I've always trimmed the bottom of the mane if it gets caught under the saddle. The only thing you need to watch is you leave enough to get a tidy (even if slightly loose) plait at the bottom of the neck if you show. And if you do trim it, don't cut it very short at the cold end of the year if you intend to use a turnout rug. Had one with sore withers once, after clipping that part too close.


----------



## boots (Jan 16, 2012)

I pull the pad or blanket up into the gullet, western or english. Haven't had it bother any horse. But I do that on horses who are completely roached, too. 

I see horses with roached manes with the mane cut all the way back, and ones who have a bit of mane on the withers. 

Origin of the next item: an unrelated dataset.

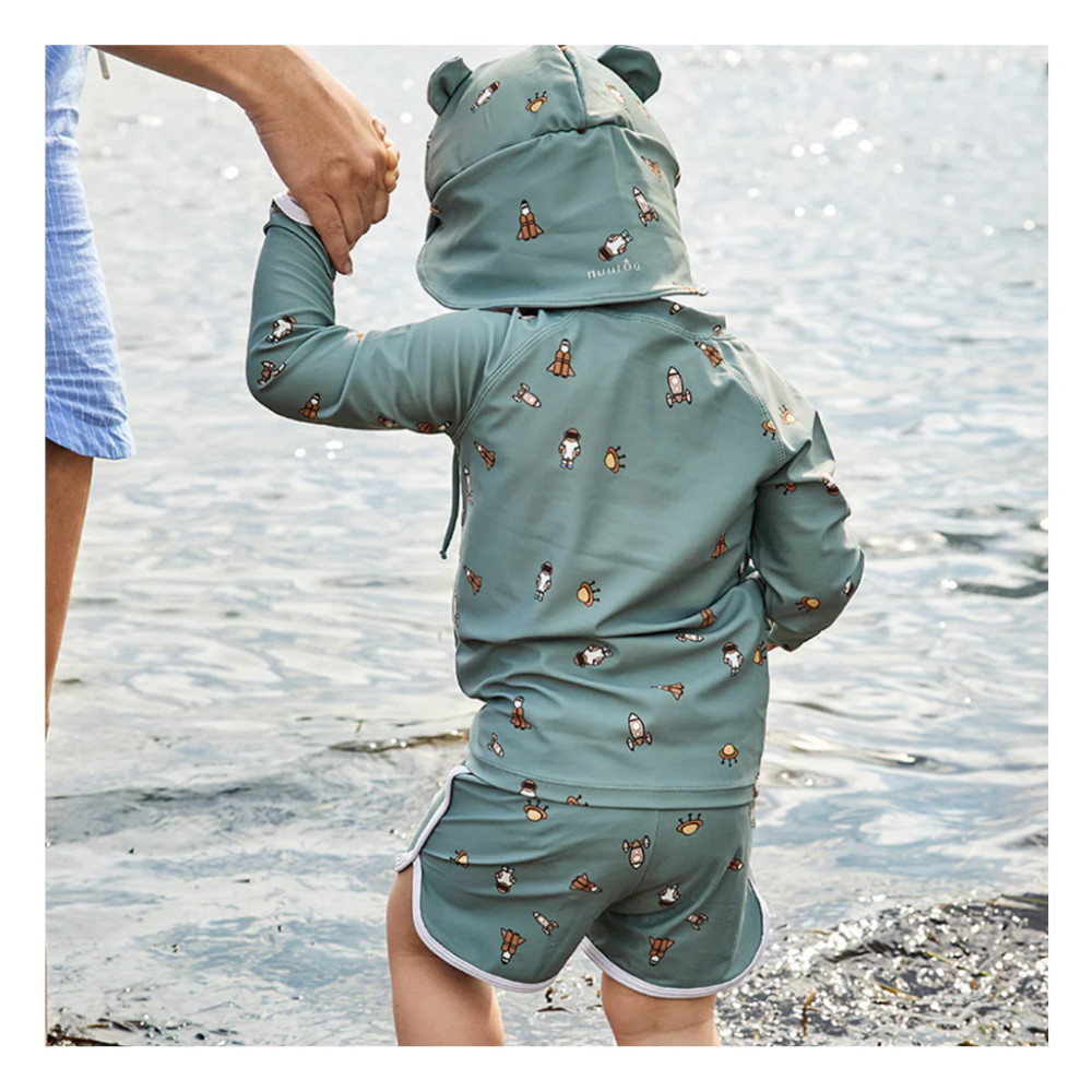 Készüljön fel a nyárra ezzel a gyönyörű Nuuroo Ludo napsapkával! Ez a világoszöld fürdőnadrág kiváló minőségű, újrahasznosított poliészterből készült, amely garantálja a hosszú élettartamot és a strapabíróságot. A gyorsan száradó anyagának köszönhetően ideális választás lehet egy tengerparti napra is. A légáteresztő kialakítás biztosítja a kényelmet, míg az UPV 50+ szűrő pedig a lehető legjobban védi a kicsik érzékeny bőrét a napsugárzástól. Az ISO 105-03:2010 tesztszabvány szerinti minősítése bizonyítja a megbízhatóságát. Kérjük, vegye figyelembe, hogy a termék mérete kissé kicsi lehet, ezért javasoljuk, hogy a szokásosnál nagyobb méretet vásárolja. Az anyagösszetétel: 82% újrahasznosított poliészter / 18% elasztán + 100% poliészter, I. osztályú minőségben.

Seems like a personal preference thing.


----------



## secuono (Jul 6, 2011)

I've done it before. Now I do it up in a quick little "ponytail".


----------



## Caledonian (Nov 27, 2016)

I've always trimmed the mane at the withers (and an inch at the poll). When i was young, the majority of horses had it done so that their mane didn't get caught or to create a clean end to a row of plaits. I carried on doing it with my own pony and horses.

Native ponies were the only exception; they had the hair close to the saddle braided to stop it going under, or getting tangled with fingers and reins.


----------



## COWCHICK77 (Jun 21, 2010)

I trim my horses' manes making a "saddle path". I use scissors. 
I just did mine 10 minutes ago..lol

(White spot in wither was from a turnout blanket rub not saddle related)


----------



## dogpatch (Dec 26, 2017)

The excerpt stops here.